Further there is no allegation of a defeasance or any agreement to reconvey the properties to the plaintiff. While any informal defeasance or agreement to reconvey may suffice, yet here there is no sufficient allegation of any such an agreement or understanding. Nor is there any allegation or alleged facts that the plaintiff was obligated to pay the alleged existing indebtedness. On the contrary, it is alleged that the stock was received and accepted by the defendant creditors in full payment of their claims and of the indebtedness. Nor by the terms of the option was the plaintiff under any obligation to purchase the stock or to pay any part of the alleged indebtedness. Under such circumstances the transaction was a conditional sale and not a mortgage. 1 Jones on Mortgages (8th Ed.) § 294, p. 345; Bell v. Shiver, 181 Ala. 303, 61 So. 881; Mittlesteadt v. Johnson, 75 Wash. 550, 135 P. 214.
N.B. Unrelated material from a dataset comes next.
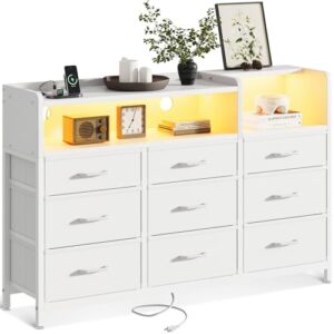 AODK タンス チェスト 衣裝ケース 収納ケース 衣装棚 洋服収納 led付き 引き出し9杯付き コンセント付き 脱衣所 棚 衣類チェスト 洋服タンス 箪笥 たんす 木製天板付き 和風 リビング 安定感 大容量(ホワイト, 幅130×奥行30×高さ97cm)
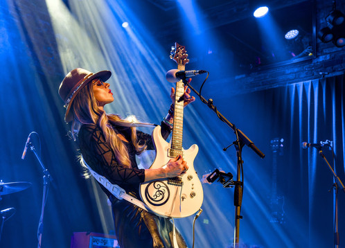 At 21.00, the intro music started, which I did not recognise, and Orianthi and her band took to the stage. She was dressed in a black leather skirt, black lacy top, boots, a red hat and shades, and looked very much the Rock star. She was playing her signature white PRS guitar with her logo in gold emblazoned on it, and behind her were her signature Orange amps. She opened with ‘First Time Blues’ from her latest album. The sound was excellent, and she immediately had the crowd in the palm of her hand. The other band members were Sam Collins on bass (Toby Lee band) and Demian Arriaga on drums from Los Angeles.

It is not alleged what, if anything, the plaintiff did with respect to the option. By its terms he was to exercise whatever right he had therein within five years from the date of the option. That time expired April 24, 1929. It was nearly a year thereafter, March 20, 1930, when this action was commenced. It is alleged that when the properties in September, 1923, were conveyed to the livestock company they were not of sufficient value to pay the then existing indebtedness of the defendant creditors aggregating $134,-500. It is alleged such indebtedness was then due but that a sifficient amount could not be realized from a sale of the properties to pay the indebtedness either of principal or interest, which when judgment of dismissal was entered amounted to over $216,000, nor is it alleged that the properties since, or at the commencement of the action, had a value greater than in 1923 or what the present value was, or that more could now be realized on a sale of them than in 1923. What net or other profit, if any, the livestock' company realized from the properties since they were conveyed to it, or what dividends, if any, the defendant creditors received on the capital stock issued to them, is not alleged. It is alleged that the defendant creditors “were the owners” of 1,345 shares issued to them of the total 2,000 shares of the capital stock of the livestock company, but it is not alleged whether the remaining 655 shares were outstanding or not, or, if so, whether any part of them was issued to the plaintiff or to whom they were issued, nor is it alleged that the plaintiff and the defendant creditors are the only persons interested in the company or who managed or conducted its business or affairs. In fact, not anything is alleged that on any theory the plaintiff had any interest, either legal or equitable, of any real or probable value in or to the properties or in what respect he would be benefitted by a foreclosure, or wherein his claimed equity of redemption had any value whatever.

And lastly the defendant creditors as alleged and shown by the contracts entered into by them with the plaintiff, releasing their liens and claims of record and receiving and accepting the capital stock in full payment of their claims and of the indebtedness, are precluded from enforcing such claims or the indebtedness against the plaintiff, if in such an action the defense of payment or accord and satisfaction be interposed. If in such case the defendant creditors must fail because the indebtedness was paid or extinguished, for the same reason must the plaintiff fail in his demand, for where there is no debt there can be no mortgage.

The judgment is thus affirmed, with costs to the respondents.

CHERRY, C. J., and ELIAS HANSEN, FOLLAND, and EPHRAIM HANSON, JJ., concur.